** WHAT YOU WILL DO **
Your copy should hold the lines below from the first through the one that contains "Wyrafinowany dodatek do", each retyped exactly, and no pictures.

** DATA SHOWN **
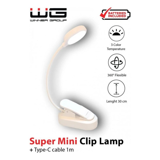 WG LED lampička s klipem na čtení bílá
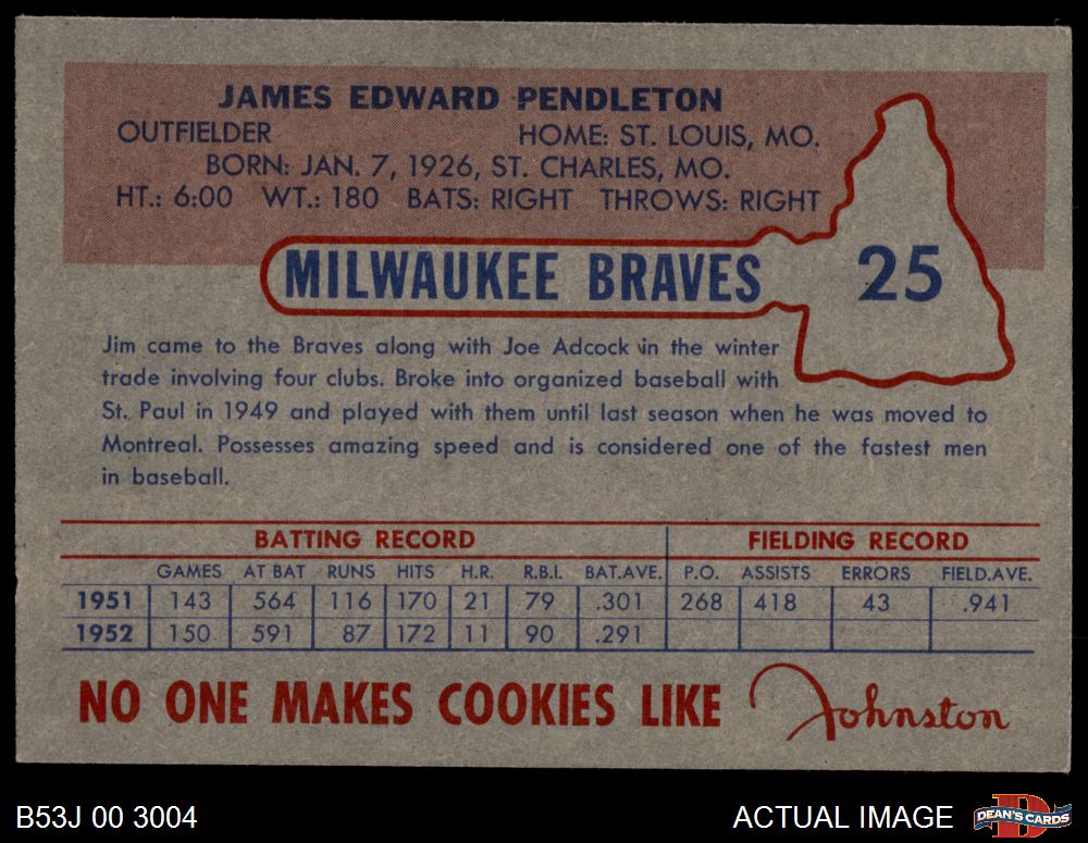1953 Johnston Cookies #25 Jim Pendleton 6 - EX/MT
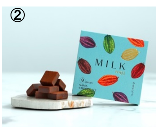 ②カカオの豊かな香りと、ミルクの甘みがバランス良い生チョコレート。ほどよい上品な甘さで、良質なミルクの風味が際立つ、シンプルでコク深い一粒です。
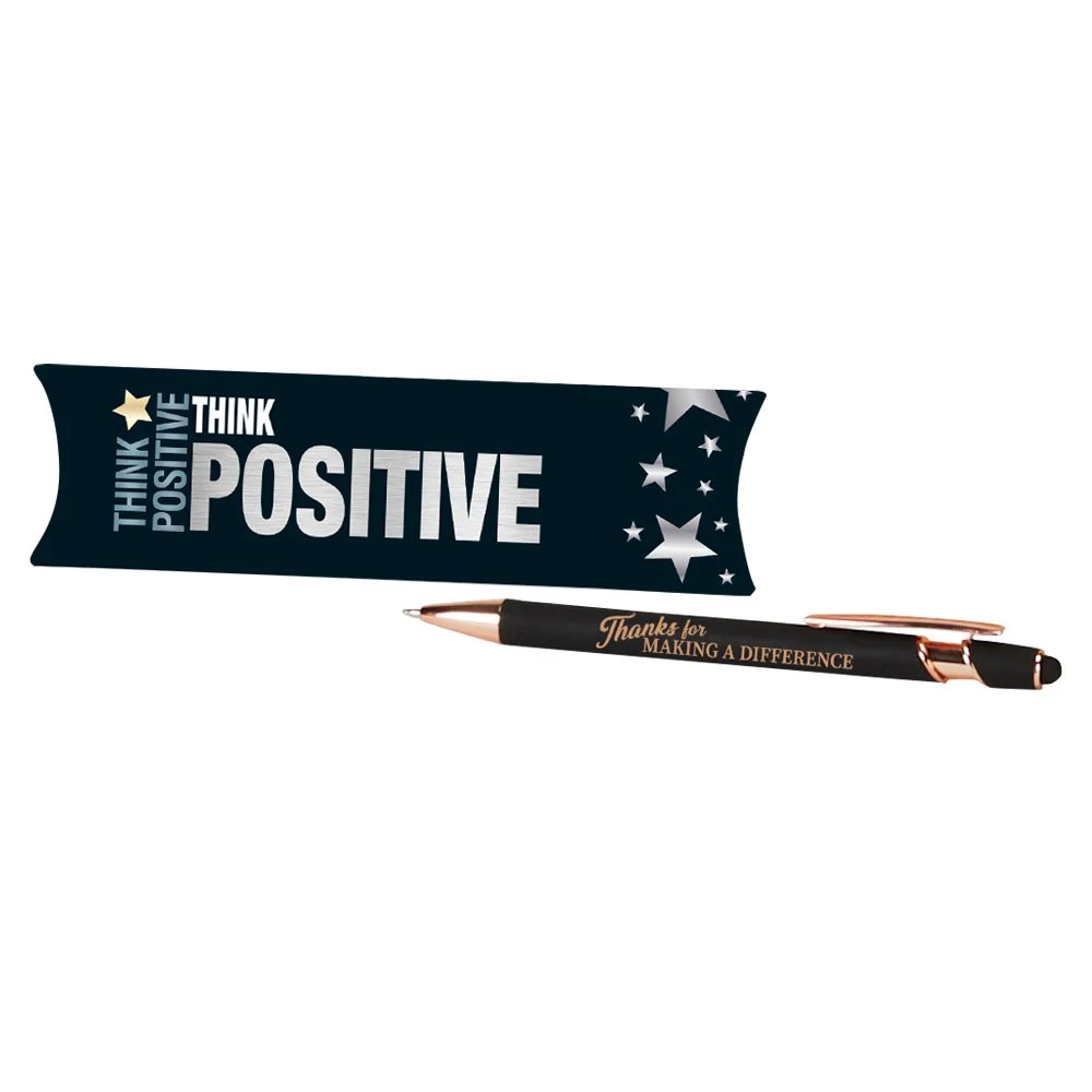 Stylus Pen: Premium metal stylus pen with metallic, rubberized, satin finish in black with elegant rose-gold trim; Matching-color stylus tip navigates touchscreens and keeps them smudge free; Click-action ballpoint; Black ink; Pillow gift box included
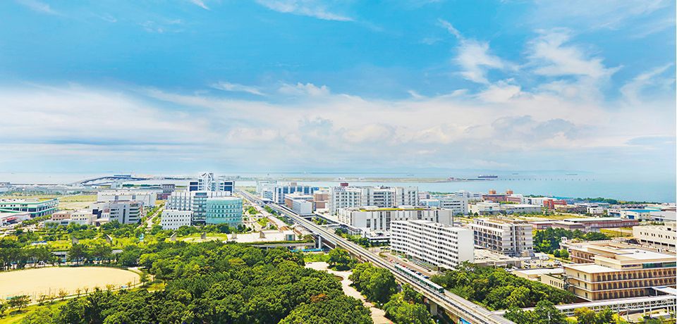 The Kobe Biomedical Innovation Cluster occupies the southern half of Port Island, a man-made island in the port of Kobe. With plenty of space for neighbors, more medical-related companies are anticipated to be located here in the future.
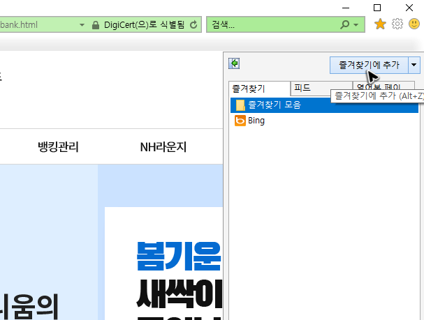 익스플로러도 별표를 누르면 농협은행 개인인터넷뱅킹의 바로가기를 등록할 수 있다는 점은 동일한데, 단축키인 [Alt + Z]를 눌러서 더 빠르게 목록을 구성할 수도 있습니다.
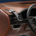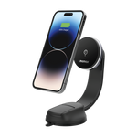 Charges your phone wirelessly and snap onto the mount with perfect magnet alignment. It can rotate 360 degrees and has a soft light for easy installation at night. It works with iPhone 12-14 series and Qi-compatible smartphones.
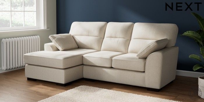 7.2.10 Stamford Highback Small Sofa Chaise - Left Hand Tweedy Chenille Oyster Large Square Angle - Dark | Made Click here to use our website with more accessibility support, for example screen readers
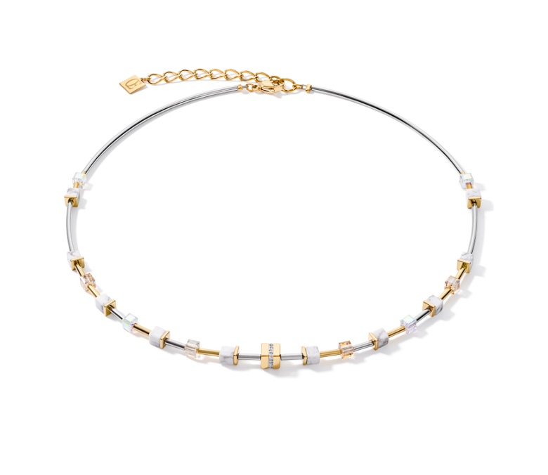 Wyrafinowany dodatek do każdej stylizacji. Ponadczasowo piękny naszyjnik z kolekcji GeoCUBE® – wykonany ręcznie z howlitu, błyszczących kryształów Swarovski® i stali szlachetnej 316L.
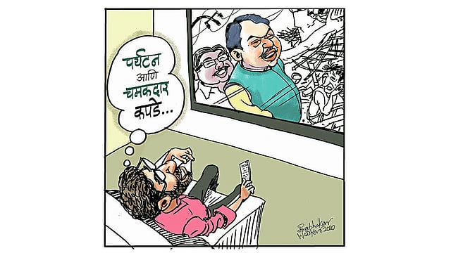 विक्रमादित्य : (उत्साहाने) मी कालच म्हणालो की हे अपोझिशनवाले नुसतं टूरिझम करताहेत! हेल्थ आणि डिझास्टर टूरिझम!! जिथे जिथे प्रॉब्लेम आहे, तिथे तिथे नेमके मास्क लावून हजर!! कमाल आहे ना देवेंद्र अंकलची!! एकाच दिवसात किती ठिकाणी फिरतात! सगळं नॉर्मल होतं, तेव्हा इथल्या इथेच फिरायचे, आता कुठे कुठे पर्यटनाला जाऊन येतात! कोसो कॉय जोमतो बोआ त्याँना…आँ?
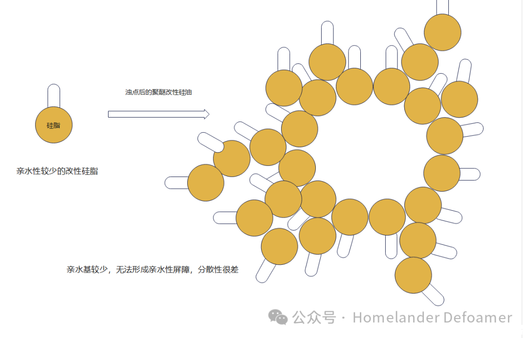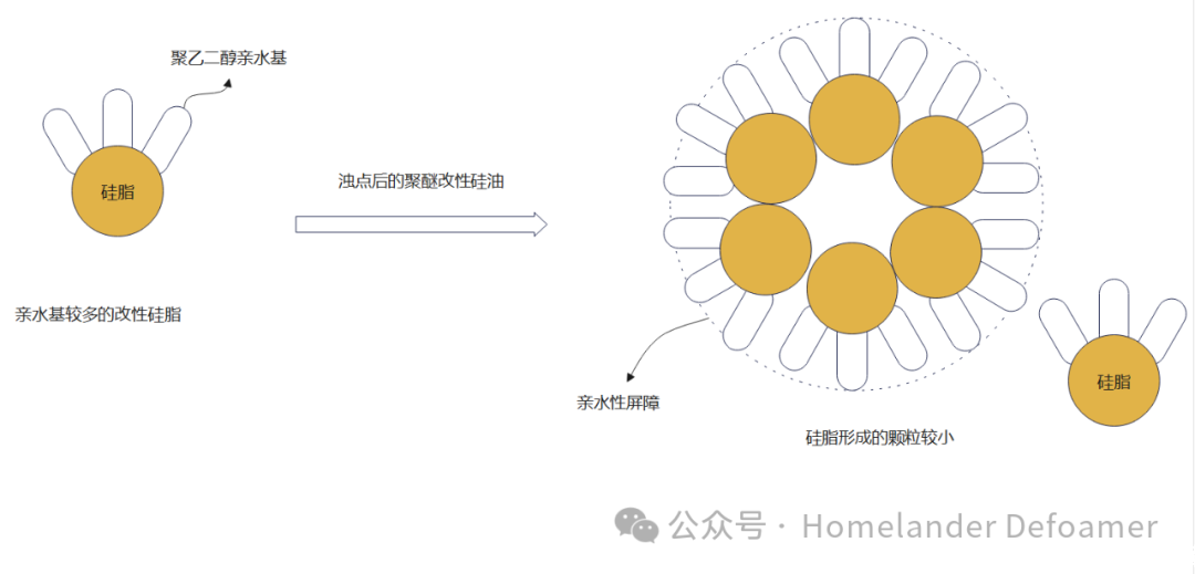 乳化剂既然很容易脱落,那么可以用化学键的方式,把乳化剂接枝在硅脂上,这样即使析出,在没有外加乳化剂和剪切力的情况下也能将析出的硅脂分散到体系中。这对亲水基与亲油基分子量的把控极其重要。若亲水基太大,形成水包油的颗粒太小,虽然不析出。但是太小的微粒排液时间久,消泡速度就很慢。

** ANSWER TO THIS PROBLEM **
 WG LED lampička s klipem na čtení bílá
1953 Johnston Cookies #25 Jim Pendleton 6 - EX/MT
 ②カカオの豊かな香りと、ミルクの甘みがバランス良い生チョコレート。ほどよい上品な甘さで、良質なミルクの風味が際立つ、シンプルでコク深い一粒です。
 Stylus Pen: Premium metal stylus pen with metallic, rubberized, satin finish in black with elegant rose-gold trim; Matching-color stylus tip navigates touchscreens and keeps them smudge free; Click-action ballpoint; Black ink; Pillow gift box included
 The Kobe Biomedical Innovation Cluster occupies the southern half of Port Island, a man-made island in the port of Kobe. With plenty of space for neighbors, more medical-related companies are anticipated to be located here in the future.
 익스플로러도 별표를 누르면 농협은행 개인인터넷뱅킹의 바로가기를 등록할 수 있다는 점은 동일한데, 단축키인 [Alt + Z]를 눌러서 더 빠르게 목록을 구성할 수도 있습니다.
 Charges your phone wirelessly and snap onto the mount with perfect magnet alignment. It can rotate 360 degrees and has a soft light for easy installation at night. It works with iPhone 12-14 series and Qi-compatible smartphones.
 7.2.10 Stamford Highback Small Sofa Chaise - Left Hand Tweedy Chenille Oyster Large Square Angle - Dark | Made Click here to use our website with more accessibility support, for example screen readers
 Wyrafinowany dodatek do każdej stylizacji. Ponadczasowo piękny naszyjnik z kolekcji GeoCUBE® – wykonany ręcznie z howlitu, błyszczących kryształów Swarovski® i stali szlachetnej 316L.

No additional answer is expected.